Security: character entities and XXE vulnerabilities

TEI XML files may contain strings that are intended to encode special characters or symbols. You will recognise these units by the ampersand and semi-colon on either side of the string, e.g. &ampersir; for the Insular et-symbol. It is up to the XML parser to substitute them on the basis of character entity references that are defined in a so-called DTD. It can be laborious for users if they are expected to point to a DTD every time they create a new XML document. More seriously, in a wiki environment that is designed to be open to users, character substitution may be especially prone to malicious XML External Entity (XXE) injections (look for LIBXML_NOENT on the web, e.g. here).

These issues are currently addressed in the following way:

  • DTDs are ignored if they are defined or referenced directly in the document. Although the source code remains untouched, they are removed from the document before the XML parser can interpret them.
  • A single DTD caters for all TEI XML documents on the wiki. CETEIcean comes with a default DTD, but site admins have the option to come up with their own definitions instead. See $wgCeteiDTD.
  • Character substitution is disallowed by default, just to be on the safe side, but can be switched back on through the $wgCeteiAllowEntitySubstitution config setting (boolean).

Limitations

  • It is mandatory that the TEI element contains a namespace declaration such as xmlns="http://www.tei-c.org/ns/1.0".
  • Because some content retrieved with the #cetei parser function is lazy-loaded, you cannot reuse it for new purposes in wikitext. For queries with XPath, see the ExternalData extension.
  • When attempting to save especially large documents (1MB or over), you may hit the limits of processing power and memory.
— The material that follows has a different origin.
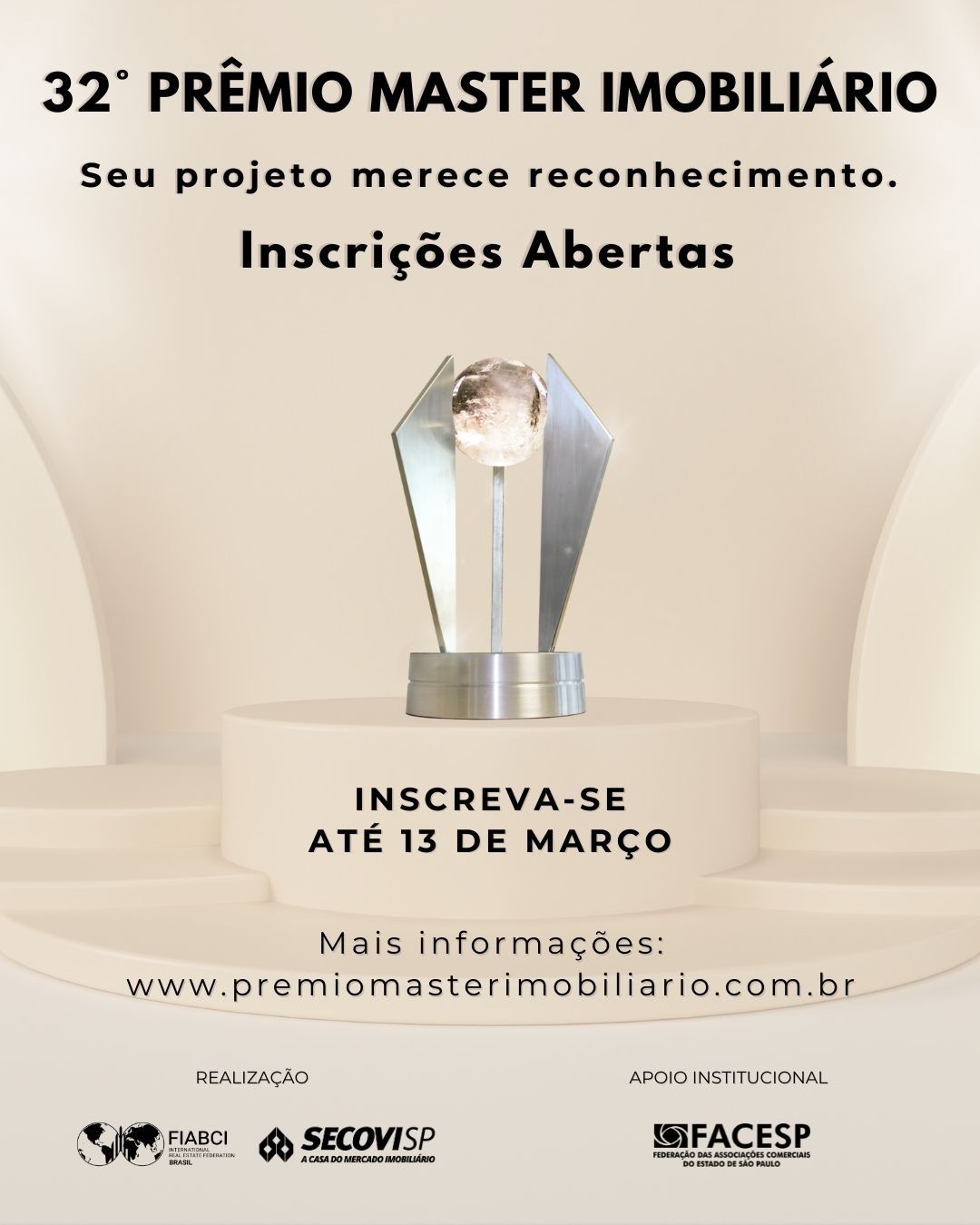 As inscrições para o Prêmio Master Imobiliário 2026 estão abertas. Realizado por meio da parceria entre a FIABCI-Brasil e o Secovi-SPo prêmio chega à 32ª edição, consolidando mais de três décadas de reconhecimento à excelência, à inovação e às boas práticas do mercado imobiliário brasileiro. A iniciativa conta com o apoio da Facesp.

In part, this is due to the usual restrictions relating to $wgMaxArticleSize and the HTTP/HTTPS connector request size, but other factors may come into play, too.
  • This extension was not designed for a public wiki where anyone can edit. It is currently unknown if any additional security measures would be required.

Known issues

  • ACE tends not to play nice with character entity definitions and produces error warnings for every instance it fails to identify. In some documents, this may throw numerous error warnings saying "Entity not found", obscuring any messages that do matter. By way of a quick and dirty solution, you can hack into CodeEditor/modules/ace/xml-worker.js and suppress those warnings by commenting out the line beginning ErrorHandler.error('entity not found:'+a). Make sure to purge cache afterwards, which you may have to attempt repeatedly because it can be stubborn.
  • Syntax errors in your XML document, such as missing tags that result in malformed XML, do not fail gracefully and will prevent the document from getting saved. To help the unsuspecting user, however, the Save button will throw a dialog box if any errors or warnings were detected.
  • It is possible that there are still issues relating to certain types of caching, such as parser cache. You may notice that after a page edit, the output does not represent the latest revision and that a hard refresh is required to fetch it.

Developer notes

  • Because this extension was first written and tested with MW 1.35, which does not offer support for ES6 with ResourceLoader, the code in CETEIcean’s JS files has been transpiled to ES5 using Babel js and a polyfill for custom elements is added as a dependency.

Version history

  • 0.6. Added support for ranges in #cetei-align. Further default entities added (all from iso-grk1.ent, n/N with macron, etc.). Use 'displaytitle' to sort and show results in Special:CETEIcean. Reduced sensitivity to XML errors. Fixed preview in edit mode. Deactivated syntax highlighting for exceptionally lengthy documents to prevent it from freezing the browser. With action=info, both #cetei and #cetei-align can provide self-documentation about parameters used. Styling changes. Removed 'beta' status.
  • 0.5. Added syntax highlighting to "Source code" tab in Cetei namespace (highlight.js). Changed output used for wiki search to be more search-friendly (rendered all entities, added section with attribute values). Added display title to indexing through ParserOutput. Added TEI XML to search profiles. Made certain notes collapsible/expandable. Special:CETEIcean improved and linked from AdminLinks. Custom dialog in event of error or warnings. Styling changes and minor modifications.
  • 0.4. Added #cetei-align parser function. Added Ace editor for use in FlexForm and Page Forms (using #cetei-ace to load JS).
  • 0.3. Added an experimental feature to #cetei for breaking out a fragment between two self-closing tags, typically pb or mls/milestone, having the XML repaired and retrieving an HTML rendering. This is intended for documents in which the position of such tags is too problematic and unpredictable for XPath selection. Extended list of character entities.
  • 0.2. Pre-processing now in XSLT, with continued support for 'behaviors'.
  • 0.1. First release.